Due to the paucity of earlier research in this area, and because this is the first study, to our knowledge, to estimate reliability of balance tests in hip OA, it is difficult to discuss our findings in relation to previous research. However, our findings are generally in agreement with those of a study that evaluated the reliability of balance measurements in patients with hip fracture.48 In that study, Sherrington and Lord48 found good test-retest reliability for the Step Test, with similar levels of reliability (ICC=.85–.92) and lower 95% CI values (.71–.83) compared with those found in the current study. In contrast, our findings are quite different from those of an earlier study that evaluated interrater reliability of a battery of tests, including the Timed Single-Leg Stance Test, in patients following surgically fixed hip fractures.49 In that study, the Timed Single-Leg Stance Test was one of the least reliable tests, and reliability estimates were much lower (kappa=.14–.63) than those found in the current study. To our knowledge, no reliability estimates for the FRT or the Four-Square Step Test in a comparable group have been conducted.

Measurement errors associated with the 4 balance tests, which have not previously been reported, also were estimated in the current study. This information assists with the interpretation of and confidence in an obtained measure. For a measure to be clinically useful, it must have a sufficiently high ICC and sufficiently low SEM. We also calculated the SEM% and MDC% so that tests could be compared, given that the units of measurement varied across the tests.
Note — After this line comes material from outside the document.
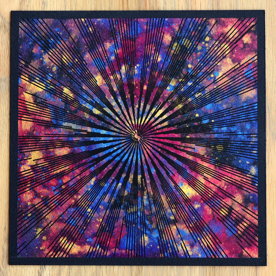An original metallic red, blue and gold painting with a feel of hyperspace travel! Painting made by hand using Aero inks painted on 300lb black watercolor paper by Aqua Stonehenge. Generative design drawn with my AxiDraw pen plotter and Posca paint pens. This is an original painting and pen plot!
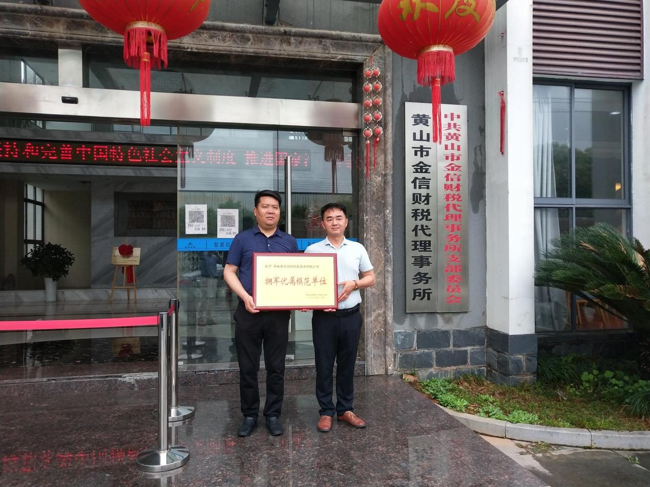2021年5月11日,歙縣退役軍人事務(wù)局洪四如局長(zhǎng)專程來(lái)到我公司,代表黃山市雙擁工作領(lǐng)導(dǎo)組頒發(fā)全市“擁軍優(yōu)屬模范單位”牌匾。公司總經(jīng)理胡海鋒、綜合部經(jīng)理方志義接受牌匾。

In the current study, the Step Test and Four-Square Step Test were found to have lower SEM% and MDC% values than the FRT and Timed Single-Leg Stance Test. This finding means that, compared with the FRT and Timed Single-Leg Stance Test, smaller amounts of change are required on the Step Test and Four-Square Step Test to be confident that a real change in balance has occurred. To be confident of real change in balance when applying these tests in individuals with hip OA, clinicians and researchers should aim to see a change of 3 steps on the Step Test (standing on the affected side), 2 seconds on the Four-Square Step Test, 9.9 cm on the forward reach component of the FRT, (5.0 and 5.2 cm for ipsilateral and contralateral functional reach, respectively), and 10.8 seconds on the Timed Single-Leg Stance Test.

Our study had a number of strengths, including the robust sample size that was adequately powered to detect our a priori optimal level of reliability, inclusion of a range of commonly used clinical balance tests, and exclusion of participants with a change in clinical state from the within-rater analysis. Importantly, we also determined the measurement error associated with the balance tests, which will enable clinicians and researchers to interpret change in balance scores across time with respect to real change.

There were some limitations to the current study. Given a participant's global rating of change and balance performance may not be independent, and thus the potential for correlated error, it is possible our estimates of reliability were inflated somewhat. Results might have been different if participants with a change in their clinical condition were included in the analyses. As both our between-rater and within-rater analyses also included a component of test-retest reliability, the additional source of error resulting from potential differences in participants' performance across the repeated measures may have increased the measurement error estimates for these clinical tests. Indeed, as systematic differences for the Four-Square Step Test and Step Test were found over the 1-week interval, it is possible these errors were not only due to rater error but also represent altered performance by the participant between sessions.

Only 2 raters were used for evaluating between-rater reliability, which may limit the generalizability of our findings to a wider pool of raters with different abilities and clinical backgrounds. However, we did choose raters from different professional backgrounds (rater A was a clinical physical therapist, and rater B was a researcher with a human movement science background) and with different levels of experience in assessing older patients with pathology, which helps to increase the generalizability of our findings. Additionally, only 1 rater was used for evaluating within-rater reliability. Although this rater was a physical therapist, and thus improves the generalizability of the findings to clinicians, inclusion of additional raters would have strengthened the study. Although our cohort of participants with hip OA were all community recruits, representing at most a moderate level of disease severity based on symptomatic data, it is not clear whether the present findings apply to participants who are not community-dwelling or to patients with end-stage disease awaiting arthroplasty.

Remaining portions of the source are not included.